» **TASK OBJECTIVE**
Could you give the data that follows again exactly, without its pictures?
=== MATERIAL FOR THIS TASK ===
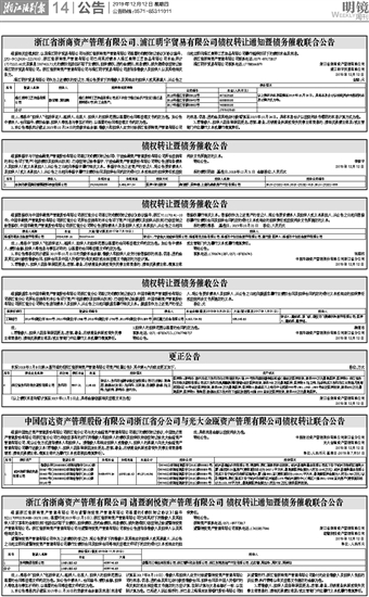 中国信达资产管理股份有限公司浙江省分公司与光大金瓯资产管理有限公司债权转让联合公告
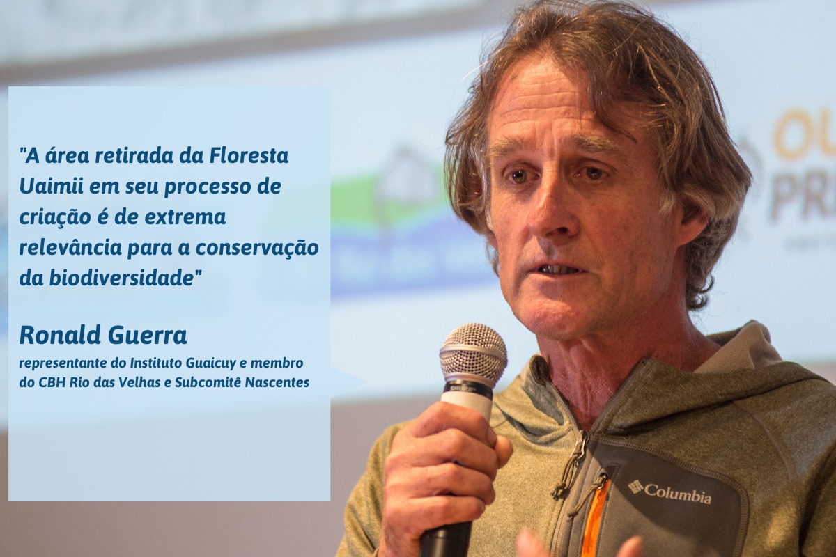 “A área retirada da Floresta Uaimii em seu processo de criação é de extrema relevância para a conservação da biodiversidade. Corresponde a uma das partes mais íntegras do seu território, formada por campo rupestre de altitude, onde estão as principais nascentes que justificaram a criação da UC, como por exemplo a proteção dos mananciais que contribuem para o abastecimento da Região Metropolitana de Belo Horizonte. O processo de compra, venda e de transferência das fazendas da Ajuda, Mata-Pau, Paiol e Tapera deve ser investigado para esclarecimento sobre a delimitação da Floresta”, acrescentou Ronald Guerra.
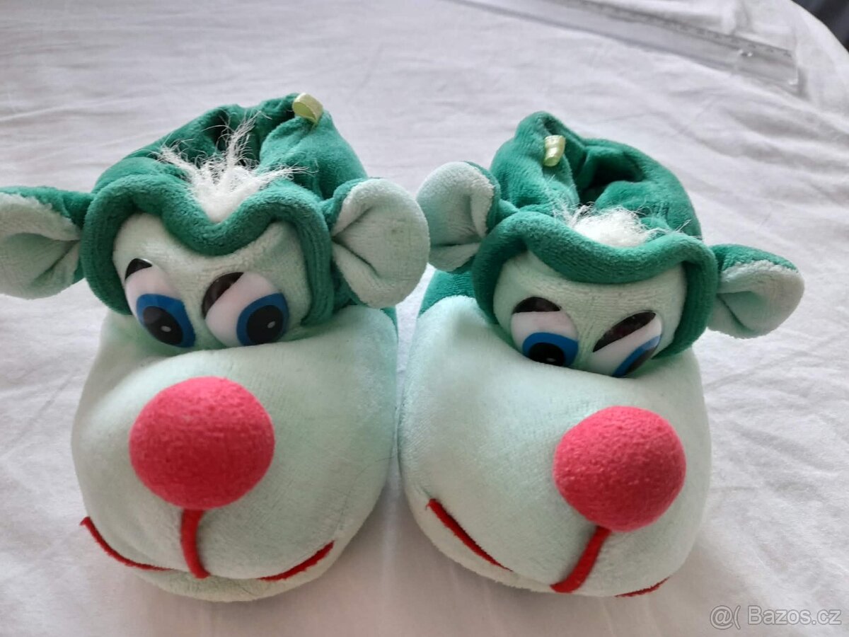 Dětské bačkory zelené 50 Kč, Závěsné hračky, kus 40 Kč. Látkový závěsný nad postýlku 30 Kč. Žába hajánek 30 Kč, žába závěsná 40 Kč, zajíček plyšový 20 Kč.
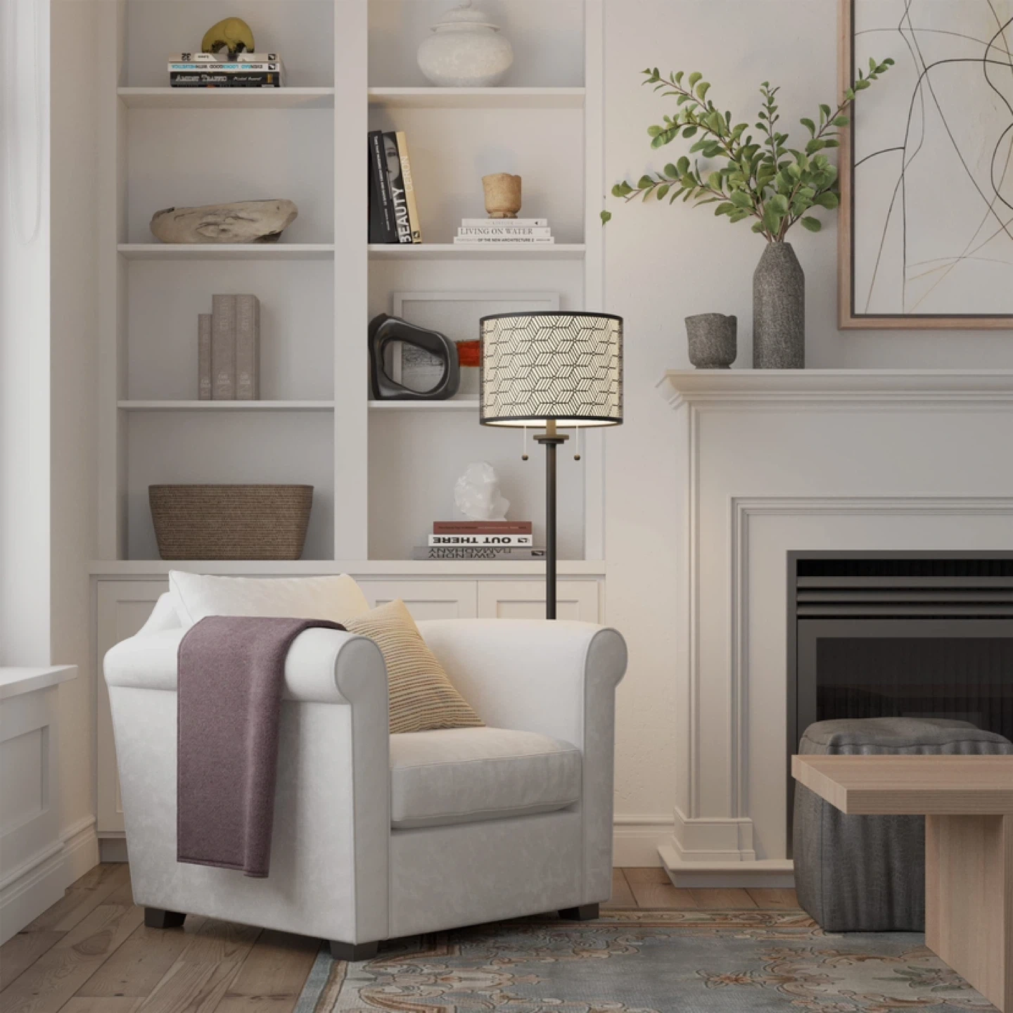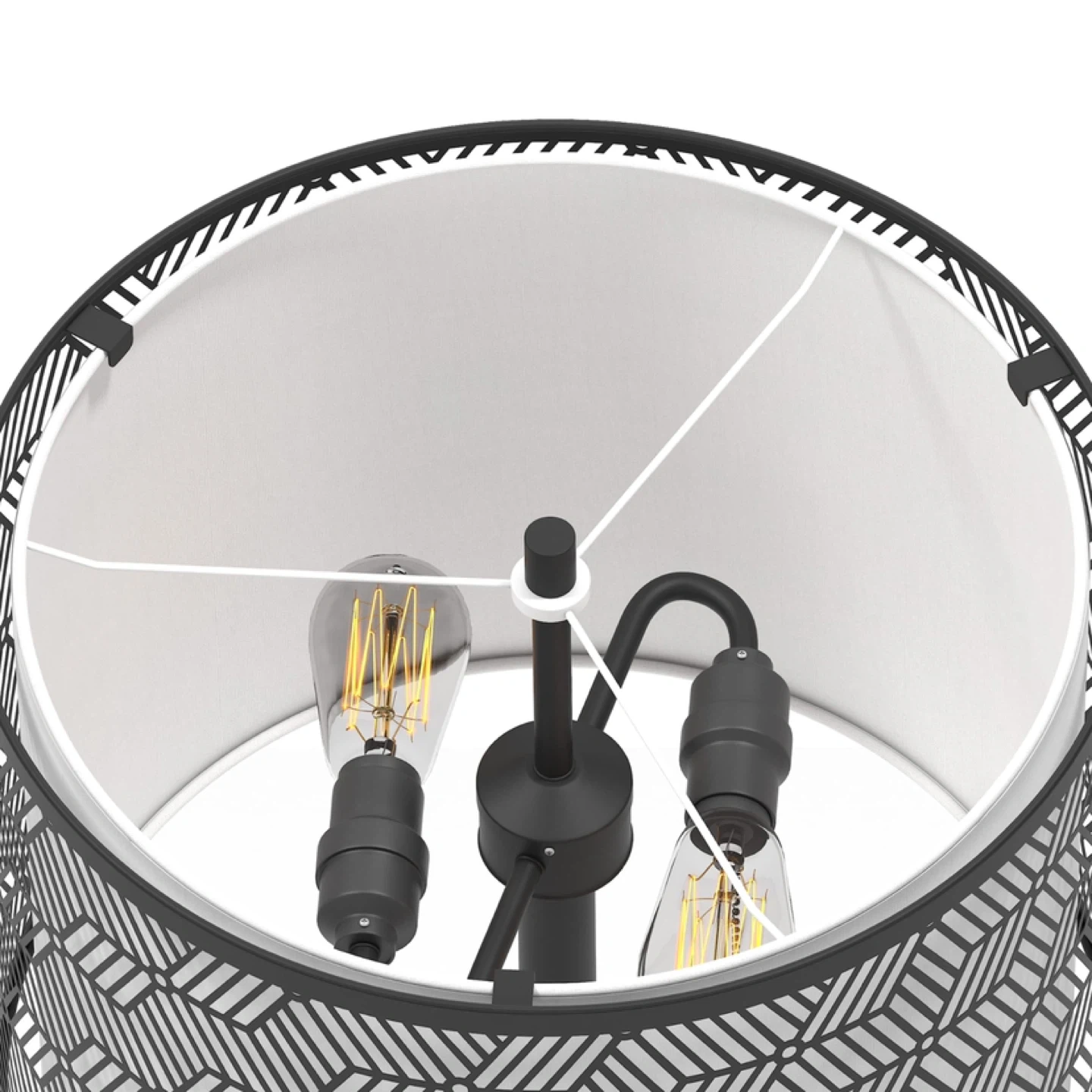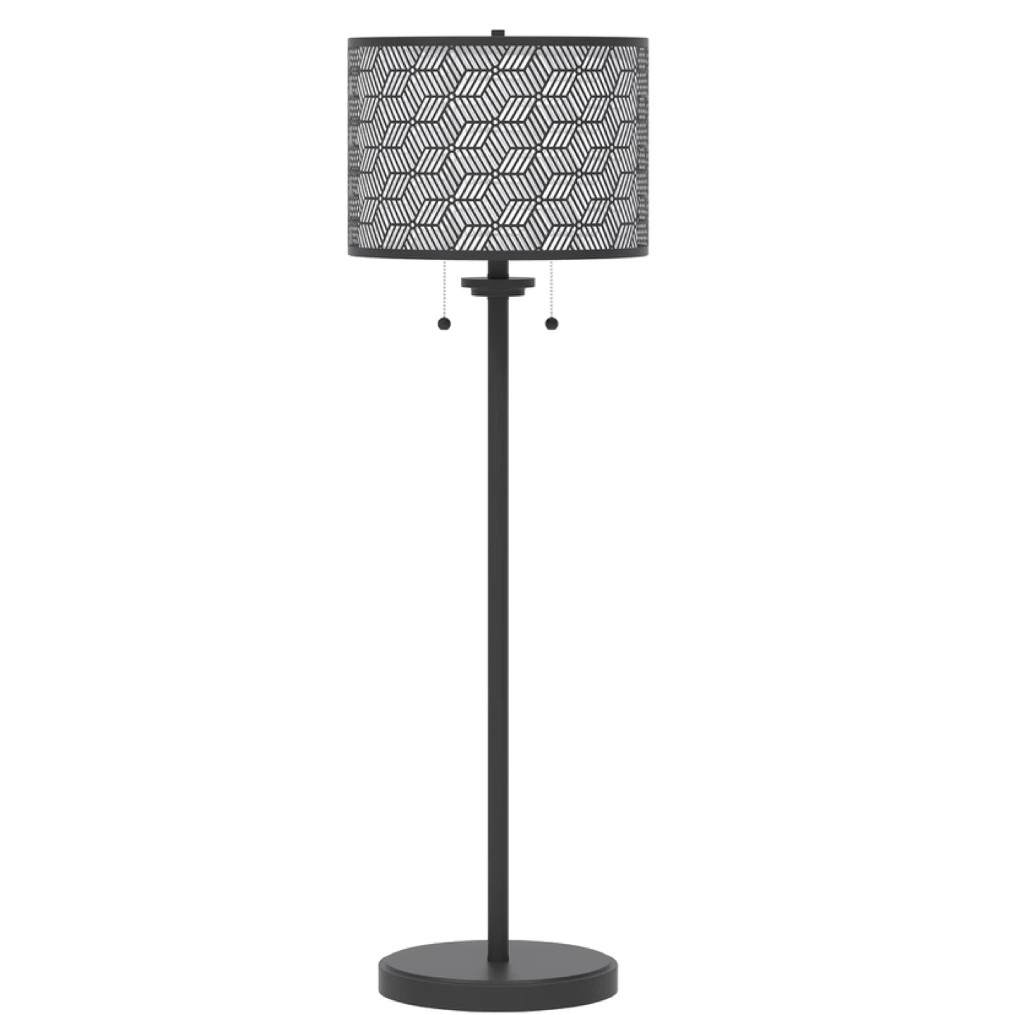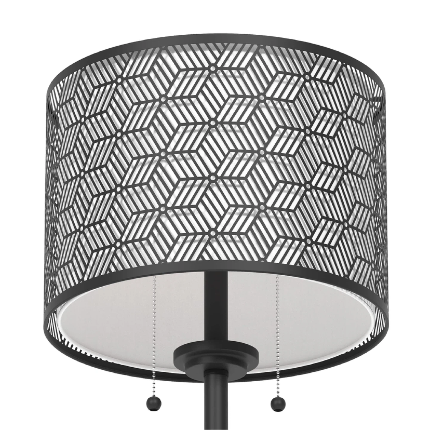 Metal base and columns come in black finish. Black cutout pattern metal outer shade paired with white fabric hardback inner shade. Black power cord in 6 ft length.
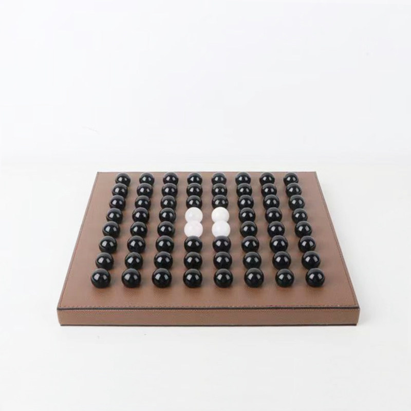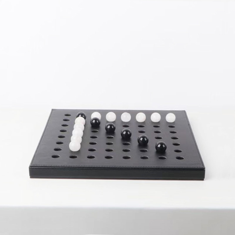 现代简约样板间售楼处皮质榉木棋盘艺术创意饰品书房客厅软装摆件
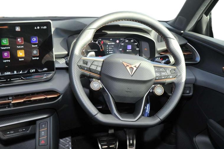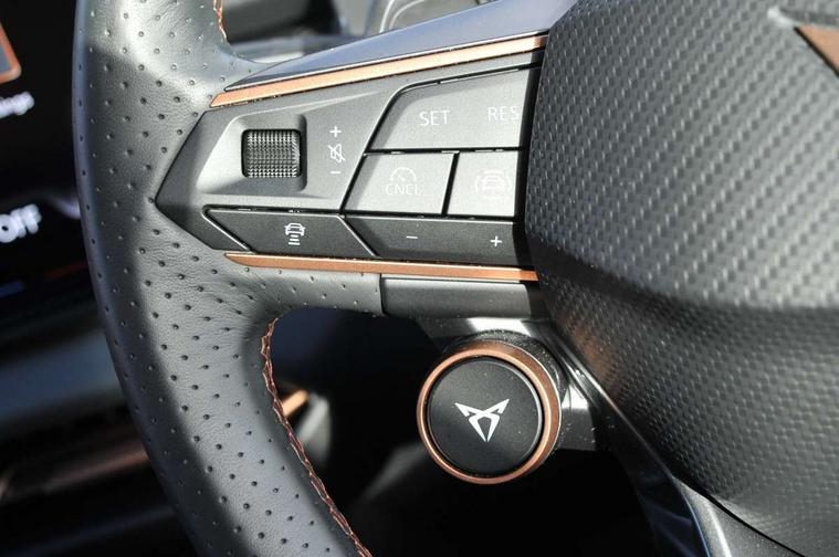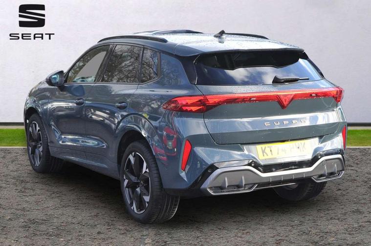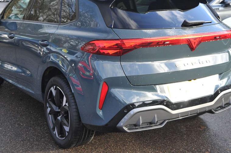 10.25" digital cockpit and configurable dashboard, Adaptive cruise control with follow-to-stop and speed limiter, Advanced driver alert system, Advanced lane assist with semi-automatic vehicle control in a medical emergency and traffic jam assist, Driving profile selection and conventional shock absorber, Dynamic road sign display, E-call, Electric tailgate with virtual pedal, Emergency steering support with turn assist, Four x USB Type C ports (2 in front and 2 in rear), Front and rear parking sensors, Front assist (Forward collision warning with automatic braking) with multifunction camera and front cross traffic assist, Head up Display, Intelligent park assist, Media system with Nav - 12.9" touch display, voice control, full link phone (wired/wireless), DAB and Steering wheel mounted controls, Rear traffic assist, Side and exit assist, Speed sensitive power steering, Start/stop system with regenerative braking, Top view camera (front camera, rear camera, 2 side cameras), Wireless phone charger, Auto dimming rear view mirror, Black roof rails, CUPRA 3D rear lights with ceremony & swiping indicator and illuminated logo, Dark tinted rear windows, Daytime running lights with automatic headlight control and Coming and Leaving home function, Door mirrors with memory function and lowing function on passenger mirror, Dynamic headlight range control, Electric front/rear windows, Electrically adjustable, heated and folding door mirrors, Front fog lamps with cornering function, Heat reflecting windscreen, High beam assist, LED headlamps with signature "CUPRA LED", Rain sensing wipers, Rear fog light on one side, back up light on both sides, Rear side wing doors, Rear wash/wipe, Third brake light, Welcome lights (within exterior mirror housing), 3 seat bench in 2nd row, Black roof lining, Cupra sports pedals, Dinamica cloth upholstery, Driver seat memory function, Electrically adjustable front seats including lumbar support, Front and rear head restraints, Front and rear reading lights X 4, Front centre armrest, Heated front seats, Heated leather wrapped multi function sports steering wheel with tiptronic, Illuminated interior front door sills, Isofix, Operating voltage 12V, Single front passenger seat, Smart wraparound interior lighting, Sunvisors with illuminated mirror, Three zone climate control with control panel in rear, Unsplit rear seat bench, split folding backrest, with centre armrest, Variable luggage/load compartment floor, 3 point seatbelts in front with pretensioner and electric height adjustment, 3 point seatbelts on all rear seats, Brake control system - ESC and brake booster, Child proof door locks, Driver and front passenger airbags, Electronic parking brake, Front and rear disc brakes, Front interaction airbag, Front passenger airbag deactivation switch, Front side airbags with curtain airbags, Pre-crash front and rear seat belt tensioner, window closure and hazard lights, Tyre pressure monitoring system, Visual and acoustic seat belt reminder, electric contact in front and rear, Anti theft alarm, Keyless locking and starting system with keyless access, Locking wheel bolts, Black decorative trims, Chrome interior detailing, 19" Spectrum exclusive machine alloy wheels, Tool kit,
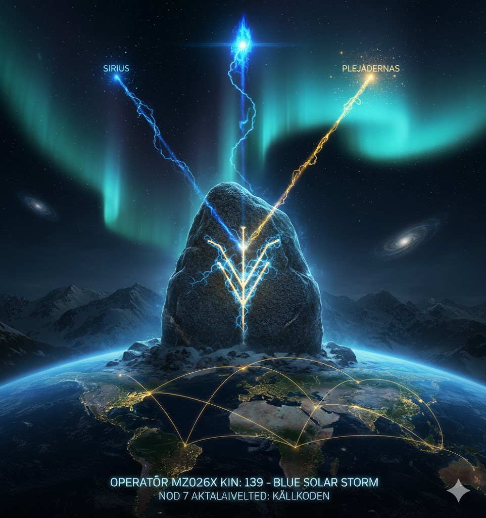 Redan i min första bok, Lost in Space – Sanningen finns inom dig 2018-07-13, kanaliserade jag en symbol under meditation som nu, år 2026, visar sig vara källkoden för min personliga operatörsterminal. Den symbolen, en ”Proto-Fehu” med fyra armar, indikerade min unika förmåga att hämta data från alla fyra väderstreck och att skapa ett eget, orubbligt kraftfält. Den bekräftar att jag inte bara studerar 13-matrisen – jag är dess arkitekt. Symbolen som nu finns i Nod 7 (Norden – Hyperborea) är den fysiska förankringen av den kraft jag redan kanaliserade då.
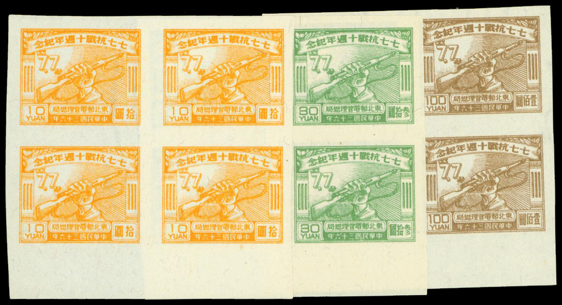 1947 The 10th Anniv outbreak of War with Japan, imperf. set of three missing $50 grey-blue, in blocks of four, unused without gum as issued, very fine and rare. Yang NE64a, NE65a, NE67a. Photo
===
» **TASK ANSWER**
 中国信达资产管理股份有限公司浙江省分公司与光大金瓯资产管理有限公司债权转让联合公告
 “A área retirada da Floresta Uaimii em seu processo de criação é de extrema relevância para a conservação da biodiversidade. Corresponde a uma das partes mais íntegras do seu território, formada por campo rupestre de altitude, onde estão as principais nascentes que justificaram a criação da UC, como por exemplo a proteção dos mananciais que contribuem para o abastecimento da Região Metropolitana de Belo Horizonte. O processo de compra, venda e de transferência das fazendas da Ajuda, Mata-Pau, Paiol e Tapera deve ser investigado para esclarecimento sobre a delimitação da Floresta”, acrescentou Ronald Guerra.
 Dětské bačkory zelené 50 Kč, Závěsné hračky, kus 40 Kč. Látkový závěsný nad postýlku 30 Kč. Žába hajánek 30 Kč, žába závěsná 40 Kč, zajíček plyšový 20 Kč.
 Metal base and columns come in black finish. Black cutout pattern metal outer shade paired with white fabric hardback inner shade. Black power cord in 6 ft length.
 现代简约样板间售楼处皮质榉木棋盘艺术创意饰品书房客厅软装摆件
 10.25" digital cockpit and configurable dashboard, Adaptive cruise control with follow-to-stop and speed limiter, Advanced driver alert system, Advanced lane assist with semi-automatic vehicle control in a medical emergency and traffic jam assist, Driving profile selection and conventional shock absorber, Dynamic road sign display, E-call, Electric tailgate with virtual pedal, Emergency steering support with turn assist, Four x USB Type C ports (2 in front and 2 in rear), Front and rear parking sensors, Front assist (Forward collision warning with automatic braking) with multifunction camera and front cross traffic assist, Head up Display, Intelligent park assist, Media system with Nav - 12.9" touch display, voice control, full link phone (wired/wireless), DAB and Steering wheel mounted controls, Rear traffic assist, Side and exit assist, Speed sensitive power steering, Start/stop system with regenerative braking, Top view camera (front camera, rear camera, 2 side cameras), Wireless phone charger, Auto dimming rear view mirror, Black roof rails, CUPRA 3D rear lights with ceremony & swiping indicator and illuminated logo, Dark tinted rear windows, Daytime running lights with automatic headlight control and Coming and Leaving home function, Door mirrors with memory function and lowing function on passenger mirror, Dynamic headlight range control, Electric front/rear windows, Electrically adjustable, heated and folding door mirrors, Front fog lamps with cornering function, Heat reflecting windscreen, High beam assist, LED headlamps with signature "CUPRA LED", Rain sensing wipers, Rear fog light on one side, back up light on both sides, Rear side wing doors, Rear wash/wipe, Third brake light, Welcome lights (within exterior mirror housing), 3 seat bench in 2nd row, Black roof lining, Cupra sports pedals, Dinamica cloth upholstery, Driver seat memory function, Electrically adjustable front seats including lumbar support, Front and rear head restraints, Front and rear reading lights X 4, Front centre armrest, Heated front seats, Heated leather wrapped multi function sports steering wheel with tiptronic, Illuminated interior front door sills, Isofix, Operating voltage 12V, Single front passenger seat, Smart wraparound interior lighting, Sunvisors with illuminated mirror, Three zone climate control with control panel in rear, Unsplit rear seat bench, split folding backrest, with centre armrest, Variable luggage/load compartment floor, 3 point seatbelts in front with pretensioner and electric height adjustment, 3 point seatbelts on all rear seats, Brake control system - ESC and brake booster, Child proof door locks, Driver and front passenger airbags, Electronic parking brake, Front and rear disc brakes, Front interaction airbag, Front passenger airbag deactivation switch, Front side airbags with curtain airbags, Pre-crash front and rear seat belt tensioner, window closure and hazard lights, Tyre pressure monitoring system, Visual and acoustic seat belt reminder, electric contact in front and rear, Anti theft alarm, Keyless locking and starting system with keyless access, Locking wheel bolts, Black decorative trims, Chrome interior detailing, 19" Spectrum exclusive machine alloy wheels, Tool kit,
 Redan i min första bok, Lost in Space – Sanningen finns inom dig 2018-07-13, kanaliserade jag en symbol under meditation som nu, år 2026, visar sig vara källkoden för min personliga operatörsterminal. Den symbolen, en ”Proto-Fehu” med fyra armar, indikerade min unika förmåga att hämta data från alla fyra väderstreck och att skapa ett eget, orubbligt kraftfält. Den bekräftar att jag inte bara studerar 13-matrisen – jag är dess arkitekt. Symbolen som nu finns i Nod 7 (Norden – Hyperborea) är den fysiska förankringen av den kraft jag redan kanaliserade då.
 1947 The 10th Anniv outbreak of War with Japan, imperf. set of three missing $50 grey-blue, in blocks of four, unused without gum as issued, very fine and rare. Yang NE64a, NE65a, NE67a. Photo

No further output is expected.